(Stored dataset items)

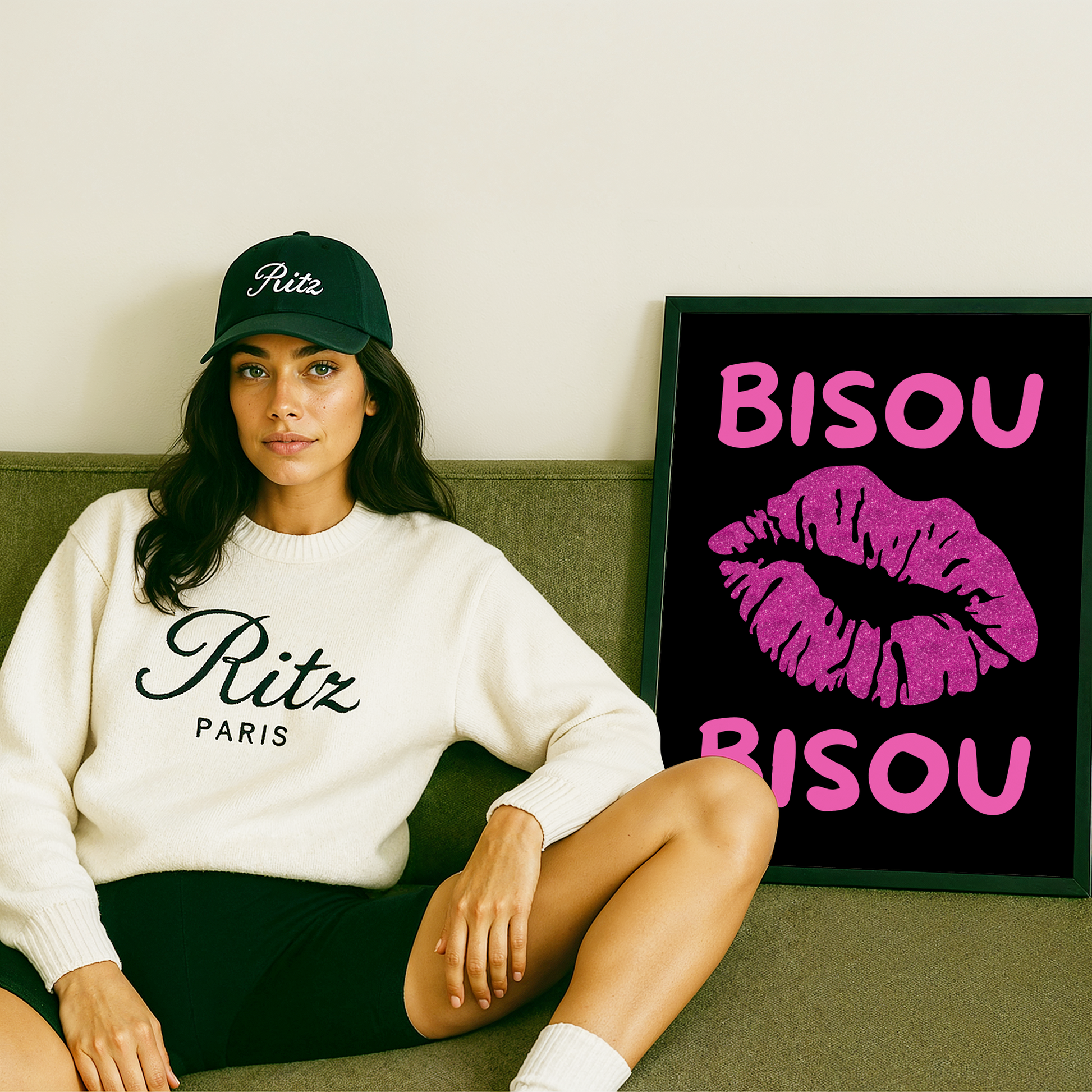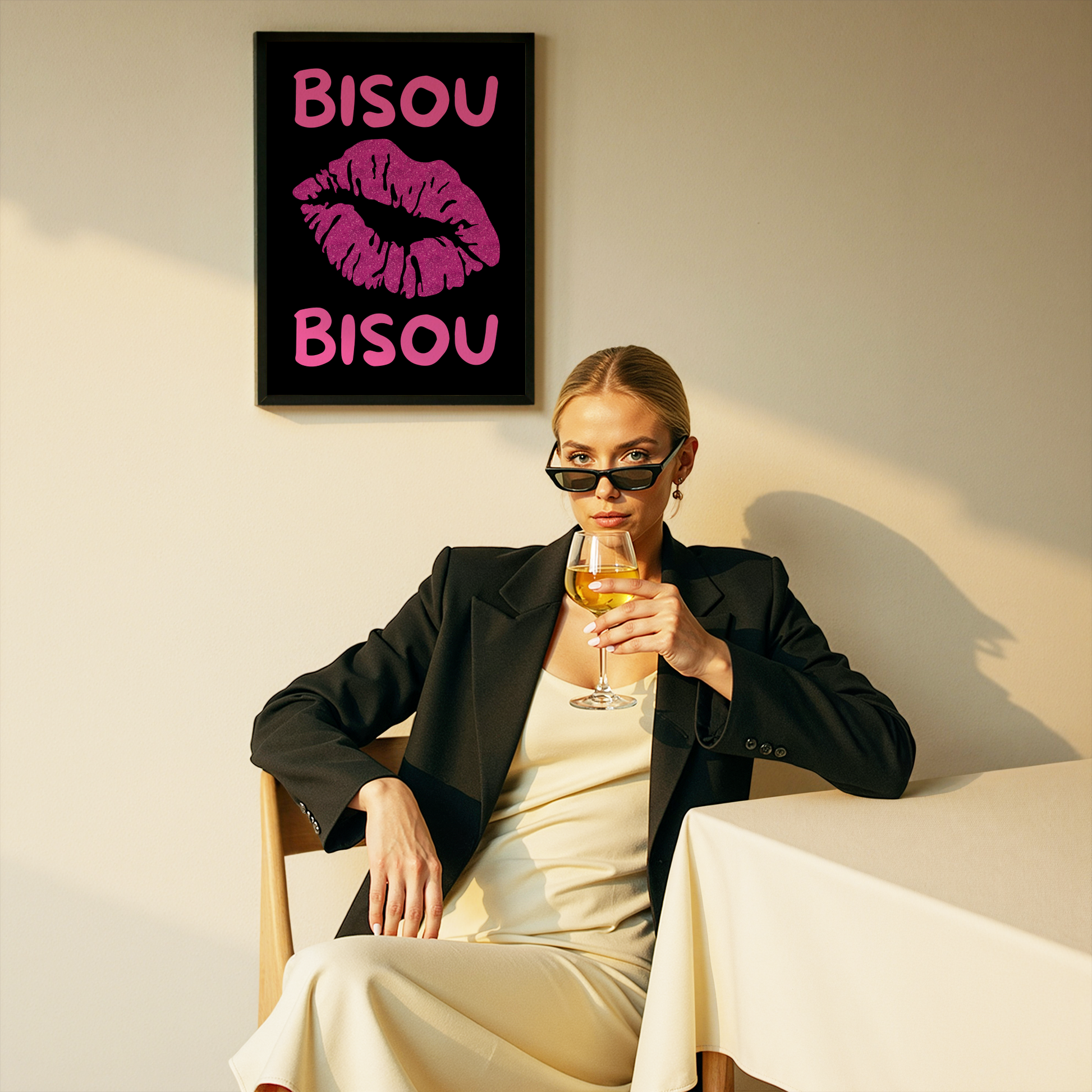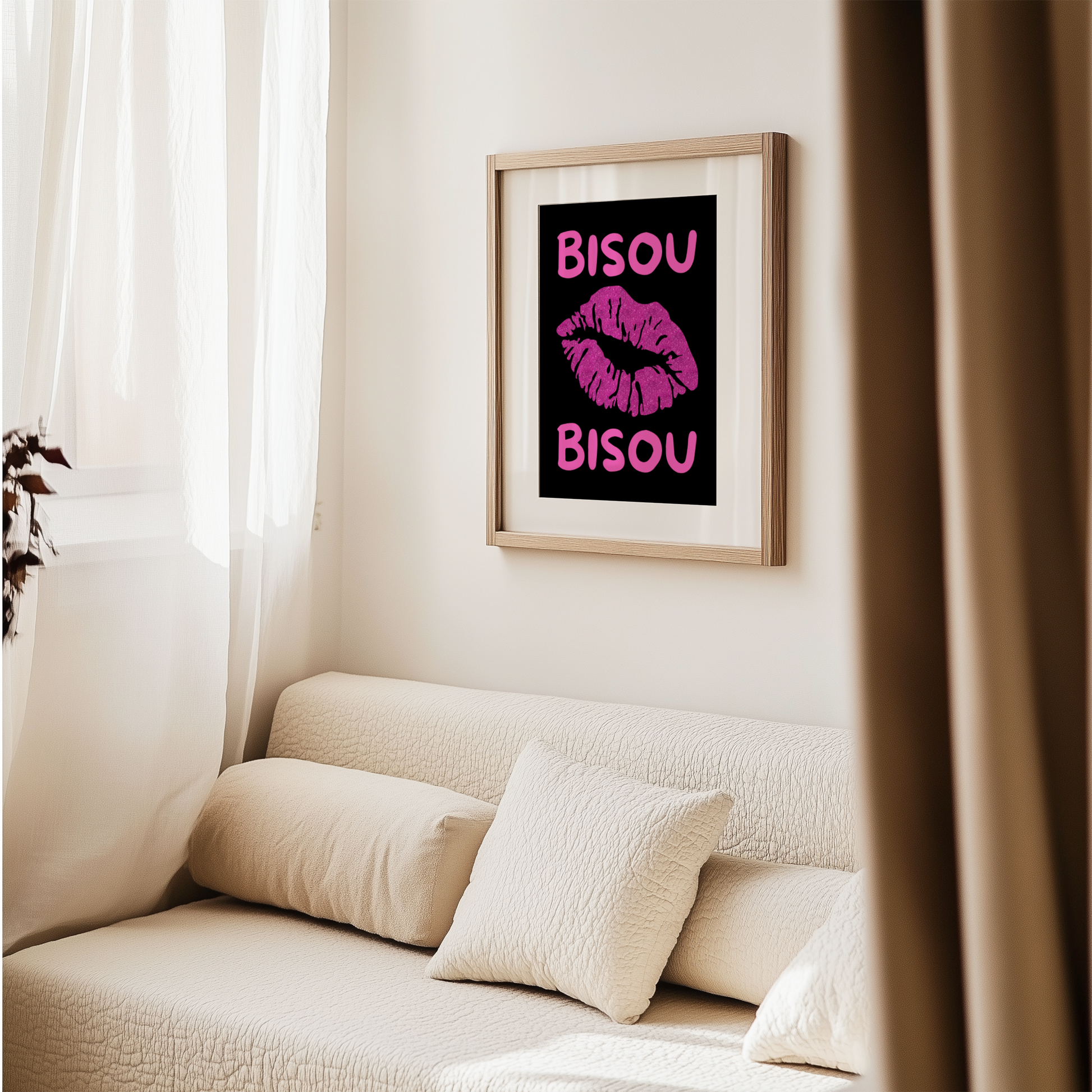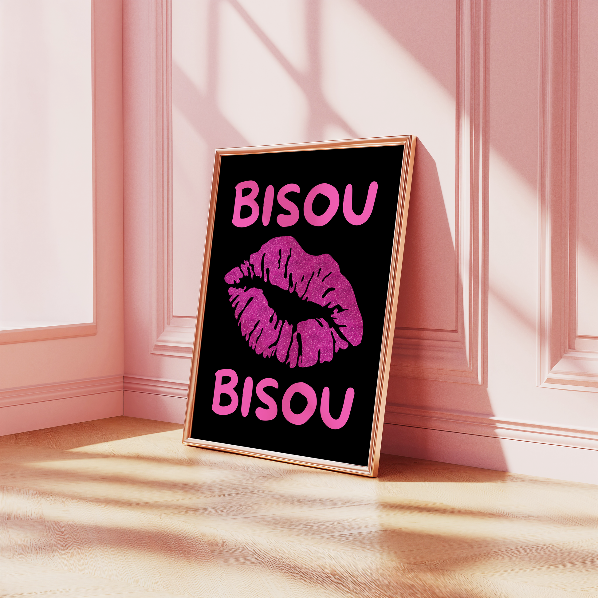 Add bold personality and a splash of glam to your space with this “Bisou Bisou” poster print featuring sparkling pink glitter lips and playful French typography. Perfect for lovers of pop art, Parisian chic, and all things femme.
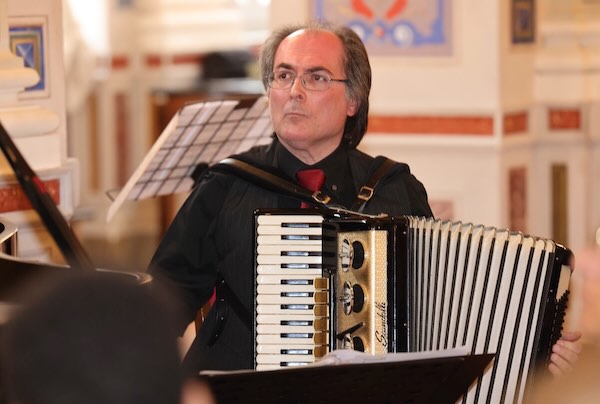 "La fisarmonica è il tramite col quale mia madre, che non ringrazierò mai abbastanza per aver intuito - ancor prima di me - quale potesse essere il mio futuro, mi mise in mano la musica, quando avevo appena compiuto tre anni. Rappresenta il primo amore e, in un certo qual modo, la mia natura più autentica. Il pianoforte è una scelta successiva, consapevole e determinata, alla quale devo totalmente la mia evoluzione culturale e intellettuale. Ho tenuto ben lontani fra loro i due strumenti, nella prima parte della mia vita. Ora, in età pienamente matura, sono diventati complementari alla mia essenza spirituale. Come se le anime di Chopin e Piazzolla, immagino quanto questa affermazione farà inorridire gli accademici, si tenessero per mano, con deferenza e lealtà, mentre percorrono assieme il sentiero della creatività".
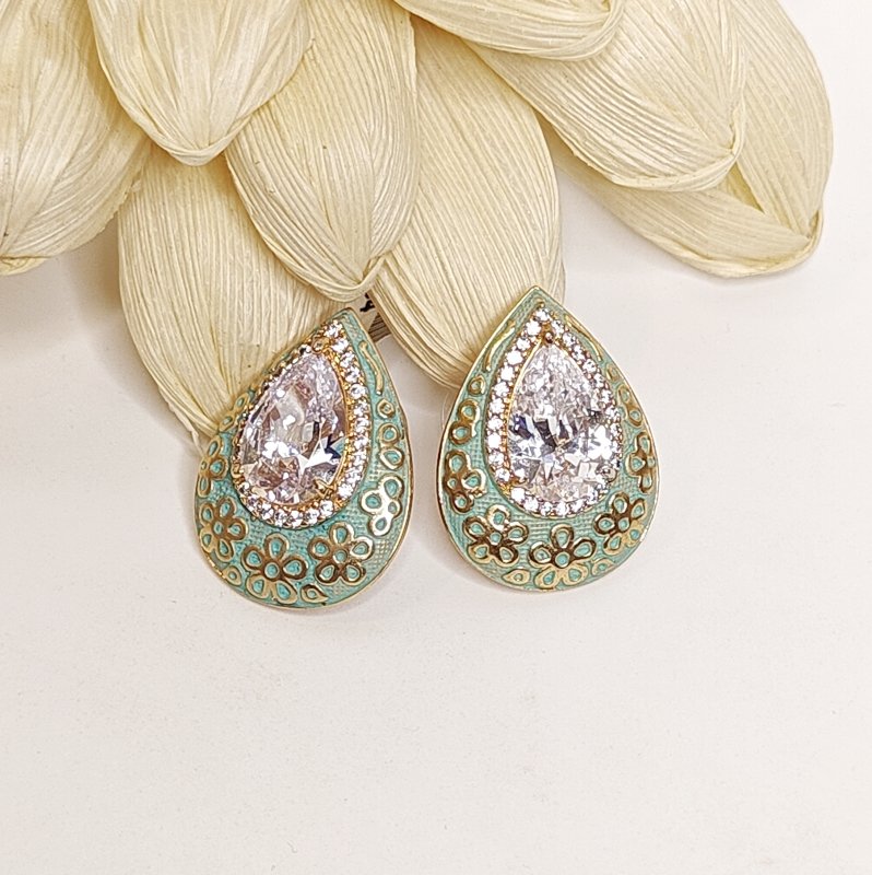 These medium sized studs are made with tear drop shaped cubic zirconia and designed in meenakri flower pattern and mirror polished in 18 kt gold colour .
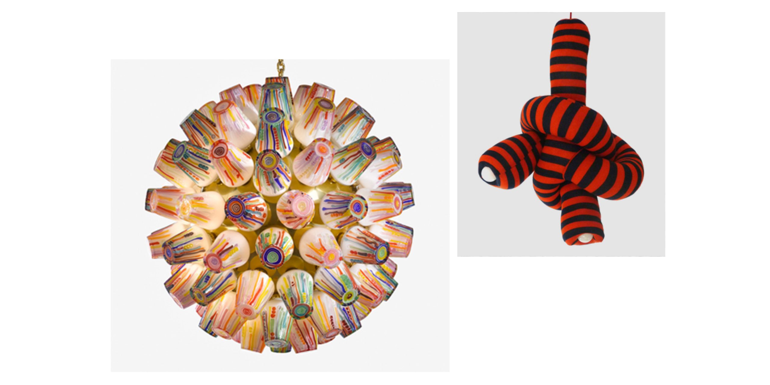 This unusual light by Annebet Philips is made of stuffed knitted fabric. Its soft form allows it to be tied in different ways.
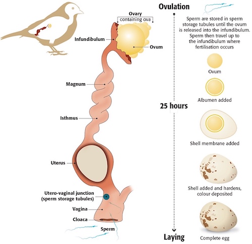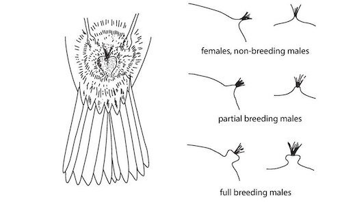 The cloaca is the single posterior opening for a bird’s digestive, urinary, and reproductive tracts and is used to expel feces and lay eggs. The cloaca is found on the rear of the body under the base of the tail, covered by feathers on the extreme lower abdomen. Those feathers surrounding the cloaca are called the crissum or undertail coverts. The cloaca and the area of the body where it is located, as well as the physical slit opening itself, is also frequently called the vent. During mating, the male perches on top of the female, who moves her tail feathers to the side to expose her cloaca. Arching back, the male rubs his cloaca against hers. During the breeding season, the cloacal area swells and the tissues protrude slightly outside the body to make breeding easier. Male birds show more swelling, and bird banders will gently blow on a bird’s vent to expose the cloaca and examine its size to determine a bird’s gender.
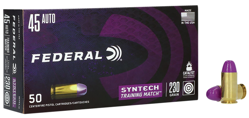 Federal American Eagle Syntech Training Match ammunition in 45 ACP with 230-grain Total Syntech Jacket (TSJ) projectiles, loaded to 890 fps muzzle velocity and 404 ft-lbs energy. The polymer jacket eliminates metal fouling and reduces barrel heat while providing the same trajectory and point of impact as Federal Premium duty ammunition. Boxer-primed brass cases are reloadable.
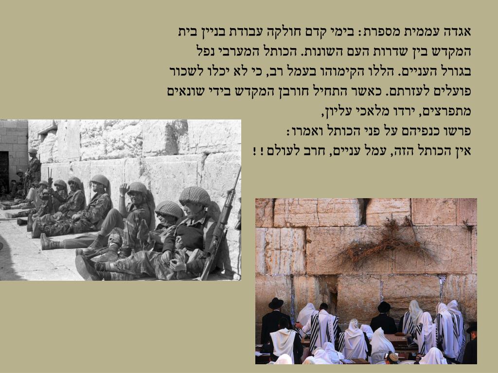 אגדה עממית מספרת: בימי קדם חולקה עבודת בניין בית המקדש בין שדרות העם השונות. הכותל המערבי נפל בגורל העניים. הללו הקימוהו בעמל רב, כי לא יכלו לשכור פועלים לעזרתם. כאשר התחיל חורבן המקדש בידי שונאים מתפרצים, ירדו מלאכי עליון,פרשו כנפיהם על פני הכותל ואמרו: אין הכותל הזה, עמל עניים, חרב לעולם!!
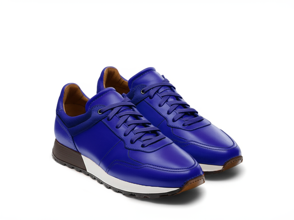 Luxury Edition - Artisian Made Navy Blue Italian Suede and Italian Leather Nausori Lace Up Running Sneaker Shoes
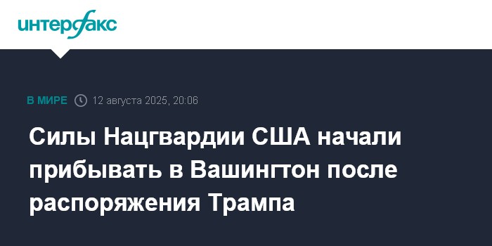 Москва. 12 августа. INTERFAX.RU - Военнослужащие Национальной гвардии США во вторник начали прибывать в Вашингтон для участия в операциях по борьбе с преступностью, сообщает Associated Press.
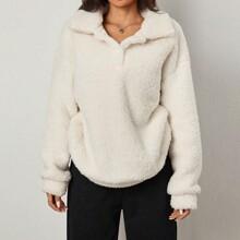 White Fleece Fabric Half Placket Button Closure Fashionable Plain Color Long Sleeve Women Sweatshirt
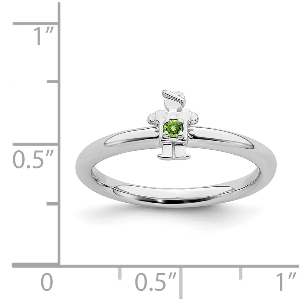 Sterling Silver Stackable Expressions Rhodium Peridot Boy Ring
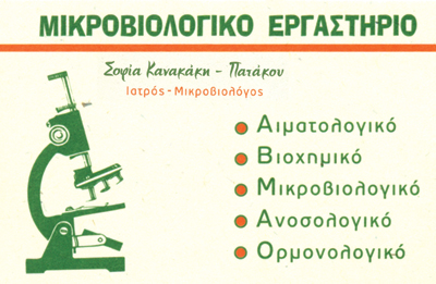 customer tabsΕπικοινωνίαΑιματολογικές, Βιοχημικές, Ορμονολογικές εξετάσειςCheck up, Καρκινικοί δείκτεςΑιμοληψίες κατ'οίκονΔέχεται καθημερινά 07:00 -11:00 & 18:00 -19:00Εκτός Τετάρτης ΑπόγευμαΜικροβιολογικά ΕργαστήριαΥγείαΑρτεμισίας 15, Κώς, ΔωδεκάνησαΚΩΣ ΔΩΔΕΚΑΝΗΣΟΥΔΩΔΕΚΑΝΗΣΑΝΗΣΙΑ ΑΙΓΑΙΟΥ ΠΕΛΑΓΟΥΣ 22420242002242021202s.kanakaki@hotmail.gr Το προτείνω (έχει προταθεί 1 φορές) ΦωτογραφίεςFacebook LikeShare on FacebookTweet Widget
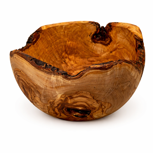 This round live edge bowl is handcrafted from authentic Tuscan olive wood, highlighting the tree’s natural grain, warmth, and organic character.
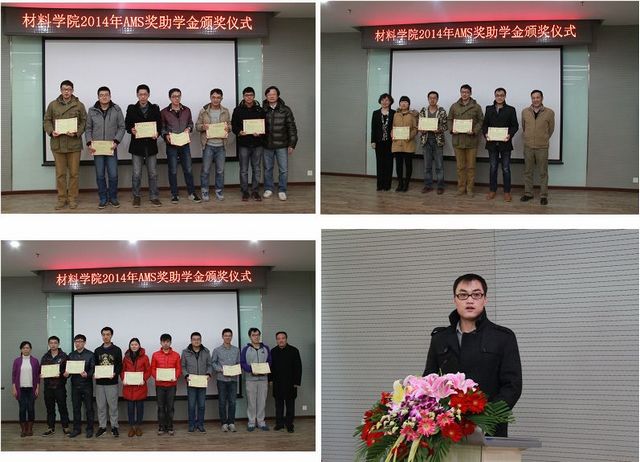 首先,頒發(fā)的是材料學(xué)院2014年度AMS獎(jiǎng)助學(xué)金。佛山先進(jìn)機(jī)械設(shè)備有限公司(AMS)作為國內(nèi)從事表面工程技術(shù)的知名企業(yè),事業(yè)蓬勃發(fā)展的同時(shí)不忘心系教育事業(yè),從2005年期連續(xù)十年在材料學(xué)院設(shè)立獎(jiǎng)助學(xué)金,每年捐贈(zèng)五萬元,累計(jì)捐贈(zèng)五十萬元,300余名學(xué)生得到獎(jiǎng)勵(lì)和資助。
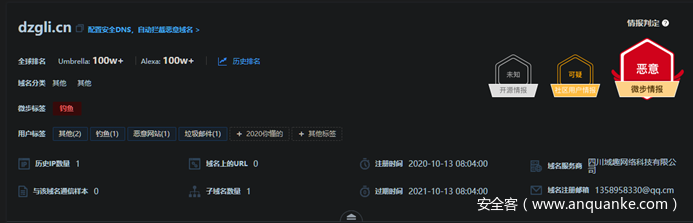 当然,笔者只是用钓鱼网站作为例子向大家解释一下威胁情报该怎么用。如果只用威胁情报来判断是否是钓鱼就有些大材小用了。
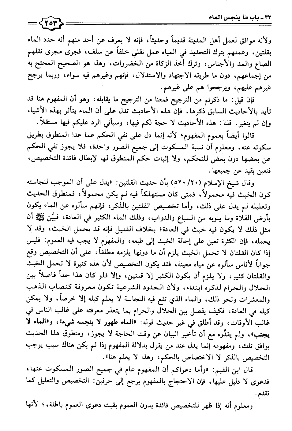 وقال شيخ الإسلام (٢٠/ ٥٢٥) بأن حديث القلتين: "يدل على أن الموجب لنجاسته كون الخبث فيه محمولًا، فمتى كان مستهلكًا فيه لم يكن محمولًا، فمنطوق الحديث وتعليله لم يدل على ذلك، وأما تخصيص القلتين بالذكر، فإنهم سألوه عن الماء يكون بأرض الفلاة وما ينوبه من السباع والدواب، وذلك الماء الكثير في العادة، فبيَّن - صلى الله عليه وسلم - أن مثل ذلك لا يكون فيه خبث في العادة؛ بخلاف القليل فإنه قد يحمل الخبث، وقد لا يحمله، فإن الكثرة تعين على إحالة الخبث إلى طبعه، والمفهوم لا يجب فيه العموم: فليس إذا كان القلتان لا تحمل الخبث يلزم أن ما دونها يلزمه مطلقًا، على أن التخصيص وقع جوابًا لأناس سألوه عن مياه معينة، فقد يكون التخصيص لأن هذه كثيرة لا تحمل الخبث والقلتان كثير، ولا يلزم أن يكون الكثير إلا قلتين، وإلا فلو كان هذا حدًا فاصلًا بين الحلال والحرام لذكره ابتداء، ولأن الحدود الشرعية تكون معروفة كنصاب الذهب والمعشرات ونحو ذلك، والماء الذي تقع فيه النجاسة لا يعلم كيله إلا خرصًا، ولا يمكن كيله في العادة، فكيف يفصل بين الحلال والحرام بما يتعذر معرفته على غالب الناس في غالب الأوقات، وقد أطلق في غير حديث قوله: "الماء طهور لا ينجسه شيء"، و"الماء لا يجنب"، ولم يقدِّره مع أن تأخير البيان عن وقت الحاجة لا يجوز، ومنطوق هذا الحديث يوافق تلك، ومفهومه إنما يدل عند من يقول بدلالة المفهوم إذا لم يكن هناك سبب يوجب التخصيص بالذكر لا الاختصاص بالحكم، وهذا لا يعلم هنا".
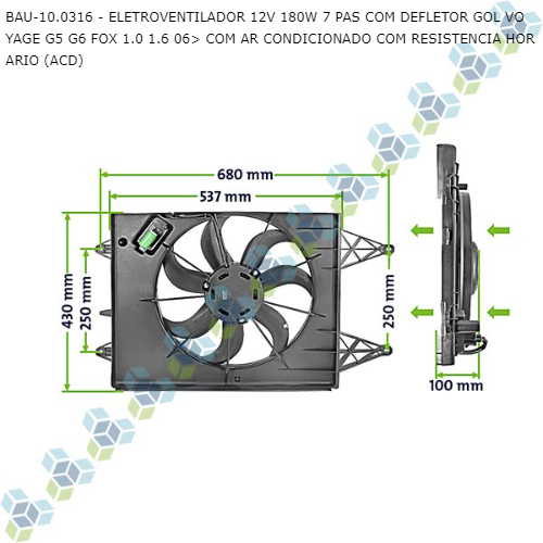 ELETROVENTILADOR 12V 180W 7 PAS COM DEFLETOR GOL VOYAGE G5 G6 FOX 1.0 1.6 06> COM AR CONDICIONADO COM RESISTENCIA HORARIO (ACD)

WHAT THIS TASK INVOLVES: The line containing "This unusual light" marks where the copy ends; print every line before it from the start of the records, and that line too, but no pictures.

ANSWER BELOW:
 Add bold personality and a splash of glam to your space with this “Bisou Bisou” poster print featuring sparkling pink glitter lips and playful French typography. Perfect for lovers of pop art, Parisian chic, and all things femme.
 "La fisarmonica è il tramite col quale mia madre, che non ringrazierò mai abbastanza per aver intuito - ancor prima di me - quale potesse essere il mio futuro, mi mise in mano la musica, quando avevo appena compiuto tre anni. Rappresenta il primo amore e, in un certo qual modo, la mia natura più autentica. Il pianoforte è una scelta successiva, consapevole e determinata, alla quale devo totalmente la mia evoluzione culturale e intellettuale. Ho tenuto ben lontani fra loro i due strumenti, nella prima parte della mia vita. Ora, in età pienamente matura, sono diventati complementari alla mia essenza spirituale. Come se le anime di Chopin e Piazzolla, immagino quanto questa affermazione farà inorridire gli accademici, si tenessero per mano, con deferenza e lealtà, mentre percorrono assieme il sentiero della creatività".
 These medium sized studs are made with tear drop shaped cubic zirconia and designed in meenakri flower pattern and mirror polished in 18 kt gold colour .
 This unusual light by Annebet Philips is made of stuffed knitted fabric. Its soft form allows it to be tied in different ways.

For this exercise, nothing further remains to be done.